Однако ничего этого я поведать не успел, так как в этот момент на другом конце больничного коридора громко и назидательно зазвучал чей-то раскатистый голос, обертоны которого мне показались чрезвычайно знакомыми. Подойдя ближе, я узрел высокого широкоплечего врача в забрызганном кровью халате, который за какую-то оплошность распекал молоденькую сестру милосердия. Что-то очень знакомое было в его открытом широкоскулом лице исконного русака и манере разговора, но, как ни старался я, вспомнить не мог.
— Запомните голубушка! Вы не мне служите, и не господину главному врачу! Больница — это храм! Храм страждущих! Слышите меня? Храм, а не свинарник! Так что потрудитесь, любезнейшая, неукоснительно соблюдать нормы санитарии, и инструмент держать в состоянии стерильности!
— Кожемяка! — осенило меня. — Ну конечно, он — Василий Сокольских, который пять лет назад возле памятника академика Виллие наставлял меня на путь истинный. За эти годы Василий ещё больше заматерел и раздался в плечах, вот только вольнодумской бородки на его лице теперь не было.

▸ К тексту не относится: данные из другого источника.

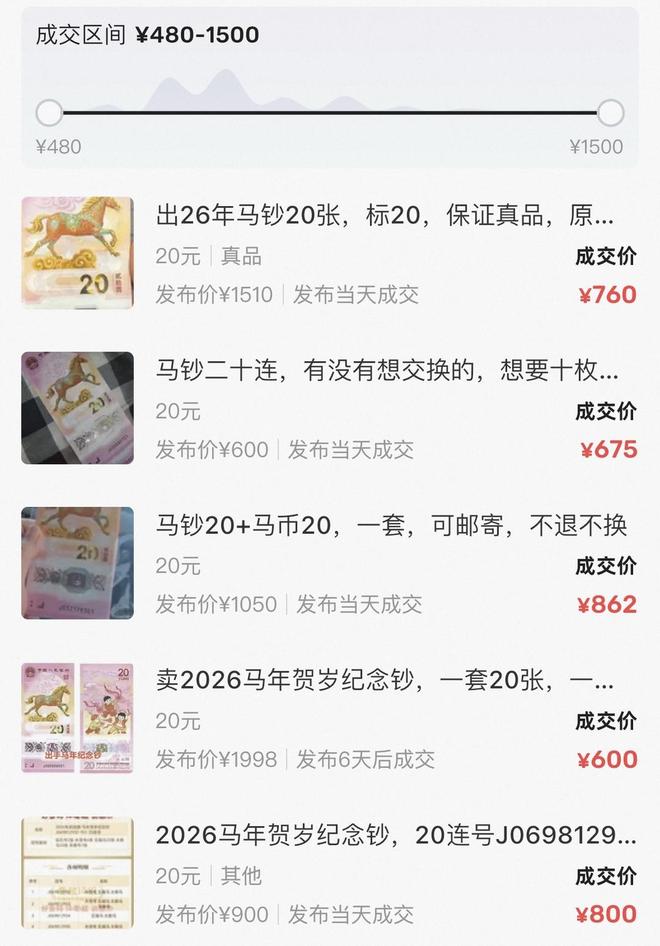 2026年1月20日兑换启动后,实物开始流入市场,二手交易也从“期货”转向“现货”,价格依据号码品相迅速分化。在成都本地收藏品交流群和二手平台上,一套20张面值400元的普通号码“马钞”,行情迅速站稳在750元以上,近七日成交均价约800元,较上周上涨逾百元。而一套20枚面值200元的“马币”,价格也普遍在240元至300元区间。
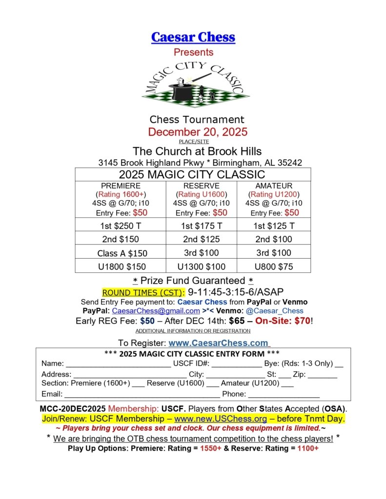 Email: Caesar Lawrence – director@CaesarChess.com

— Доктор Сокольских? — обратился я к нему, и по его взгляду с сожалением понял, что он меня не помнит.
— Чем могу служить, господин лейтенант? — уважительно пробасил Василий, глядя мне в лицо.
— Ты уже сослужил мне службу, Кожемяка, и поэтому я у тебя в долгу, — сказал я, в глубине души надеясь, что память вернёт его в тот осенний день, которому было суждено стать днём нашего знакомства.
— Кожемяка? — удивился хирург. — Ах, да! Ну, конечно, Кожемяка! Простите, ради бога! Я не зазнался, просто стал забывать студенческое прозвище. Столько лет прошло…
— Пять! Прошло пять лет, — уточнил я и коротко обрисовал нашу встречу возле памятника. После моих слов Василий звучно шлёпнул себя ладонью по лбу.
— А не тот ли Вы саратовский юноша, который с растерянным видом бродил возле памятника по заплёванному газону, и не знал, на какой факультет подать прошение?